As other PP have said, do not lose sight of who you are or your relationship with your OH. Yes, your priorities have changed, but there can still be room for everything else too if you allow it.

villainousbroodmare · 11/08/2018 16:50

Get the cleaner. You will be amazed at the difference that makes. And get out and leave DH to it more often.

GruffaloStick · 11/08/2018 17:06

I could have written your post 12 months ago. Having a child was the greatest stress on our relationship. Sleep deprivation nearly killed us both and destroyed our relationship. I cringe when I remember telling DH he needed to engage with the baby more and getting annoyed when he was playing on his phone and not constantly entertaining a small baby when really babies are easily entertained playing with a little toy or banging a spoon on a pan.
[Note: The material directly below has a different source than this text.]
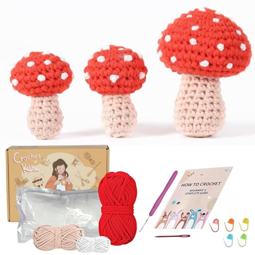 Ktmeor Crochet Kit for Beginners,Crochet Starter Kit for Beginners Adults and Teens with Step-by-Step Video Tutorials,DIY Knitting Supplies with Easy Yarn & 20% Extra Practice Yarn-Mushroom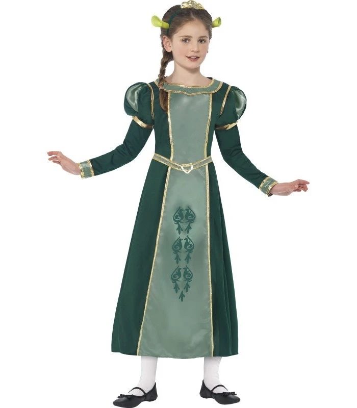 Shrek Princess Fiona Costume, Green, with Dress, Tiara Headband & Ears, in Display Bag

My best advice would be to back off a little, I know that's hard, but let him find his own way a bit. DH started to take DD out on his own for a couple of hours to the park at the weekend, I hated it and had anxiety about being apart from her but reminded myself he was also her parent and perfectly capable. It's difficult when you're at home and the main caregiver you have routines and a more instinctive connection with DC but let him build a relationship without hovering over them. I was also a bit obsessed looking back, I know most parents are with PFB but he wasn't as interested as I was about how many bowel movements she'd had or how much lunch she'd thrown on the floor that day Grin

My DD is nearly 2 and they have a wonderful relationship now, it got much easier for everyone when sleep improved and she started talking. She's a fun little character.

If he's otherwise a good partner and father just be kind to each other, it's fucking tough learning to have another person in your life. But don't be a martyr either, get him to help with cleaning and cooking when he's not at work and take it in turns to get up early with the baby.